I'm not really sure that the query mirrors what you actually want to achieve. Rather than using AdventureWorks, maybe you could post a CREATE TABLE statement, an INSERT statement with sample data and the desired result to highlight what you are looking for?

[font="Times New Roman"]Erland Sommarskog, SQL Server MVP, www.sommarskog.se[/font]

Steven Willis SSCrazy Eights Points: 9893 More actions · Answer 5

I don't have adventure works installed either, so will make a guess. Does this work?

USE AdventureWorks2012;

GO

SELECT

Name

,(SELECT DISTINCT

COUNT(edh.BusinessEntityID) OVER (PARTITION BY edh.DepartmentID) AS TempCount

FROM

HumanResources.EmployeeDepartmentHistory)

AS EmployeesPerDept

,*

FROM HumanResources.EmployeePayHistory AS eph

JOIN HumanResources.EmployeeDepartmentHistory AS edh

ON eph.BusinessEntityID = edh.BusinessEntityID

JOIN HumanResources.Department AS d

ON d.DepartmentID = edh.DepartmentID

WHERE edh.EndDate IS NULL

ORDER BY Name;

Also, in a worse case scenario, you should be able to use the ROW_NUMBER windowing function in a nested SELECT and then add a WHERE clause to remove any duplicates after the fact.
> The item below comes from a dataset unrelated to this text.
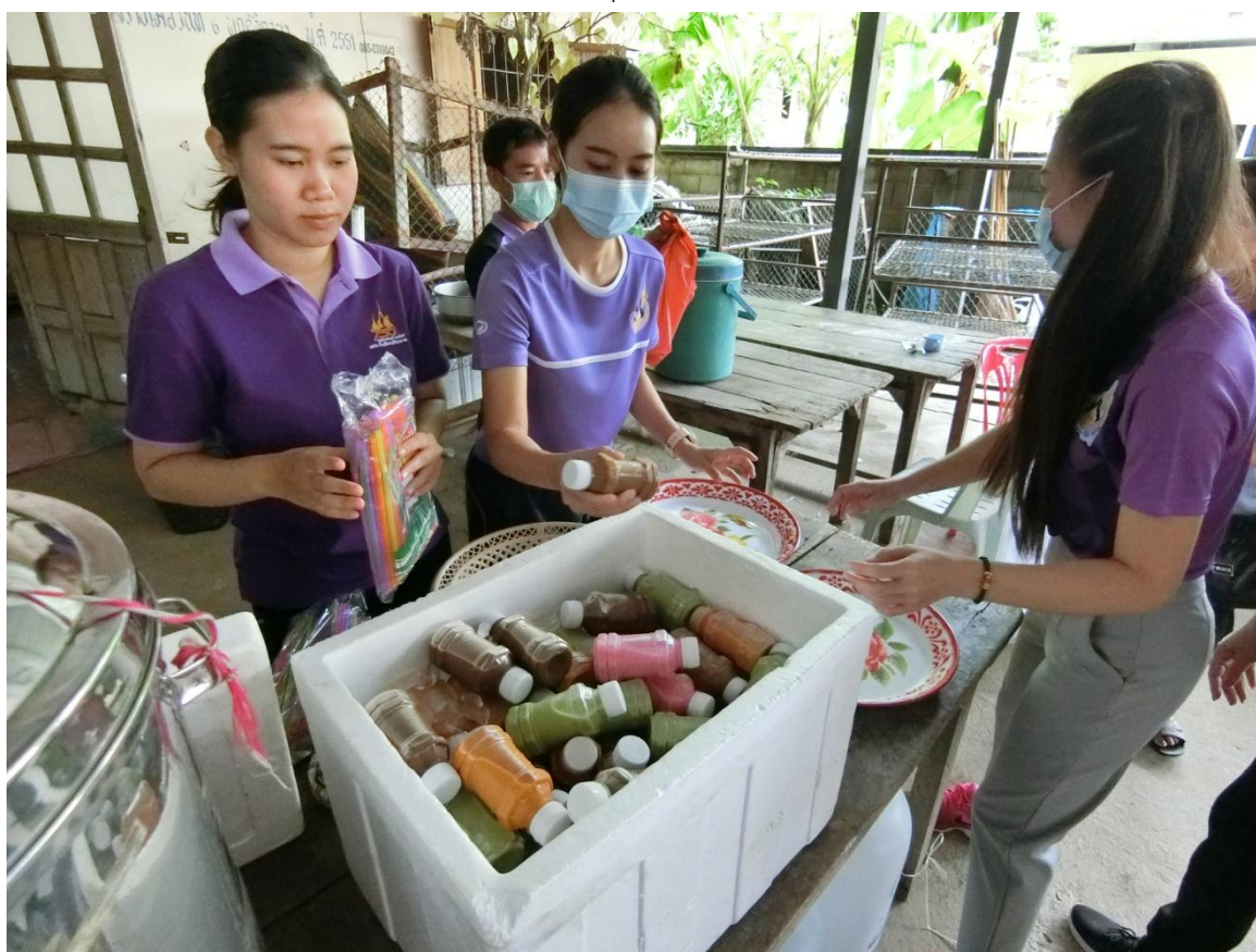
อาหารว่าง

Erland Sommarskog SSC-Insane Points: 24038 More actions · Answer 6

Steven Willis (7/31/2013)
SELECT
Name
,(SELECT DISTINCT
COUNT(edh.BusinessEntityID) OVER (PARTITION BY edh.DepartmentID) AS TempCount
FROM
HumanResources.EmployeeDepartmentHistory)
AS EmployeesPerDept

Looks like that would die with "subquery returned more than one row"...

[font="Times New Roman"]Erland Sommarskog, SQL Server MVP, www.sommarskog.se[/font]

ben.brugman SSChampion Points: 13369 More actions · Answer 7

Bit late 😀

I was looking for a similar question and found:DECLARE @DumbTable TABLE (cat CHAR(1), id TINYINT, rw TINYINT);

INSERT INTO @DumbTable SELECT 'A' as cat, 3 as id, 1 as rw

INSERT INTO @DumbTable SELECT 'A' as cat, 3 as id, 5 as rw

INSERT INTO @DumbTable SELECT 'A' as cat, 4 as id, 4 as rw

INSERT INTO @DumbTable SELECT 'B' as cat, 2 as id, 4 as rw

INSERT INTO @DumbTable SELECT 'C' as cat, 4 as id, 1 as rw

INSERT INTO @DumbTable SELECT 'C' as cat, 3 as id, 2 as rw

INSERT INTO @DumbTable SELECT 'C' as cat, 5 as id, 3 as rw

Code copied from previous anwser.

Solution:

--

-- Get a count of distinct id's partitioned by cat.

--

SELECT --DISTINCT -- Distinct can be switched on / off.

cat

, dense_rank() over (partition by cat order by id)

+ dense_rank() over (partition by cat order by id desc)

- 1 as count_distinct_id

FROM @DumbTable

dense_rank + dense_rank desc gives the position from the 'start' plus the position from the end, for a given set this gives a 'constant'. This 'constant' is one more than the number of distinct values. (For one value this is 1 + 1 - 1) For three rows with two values this gives (1 + 2 - 1 or 2 + 1 - 1)

Ben

Although the anwer is late, others searching and finding this thread might find this solution usefull.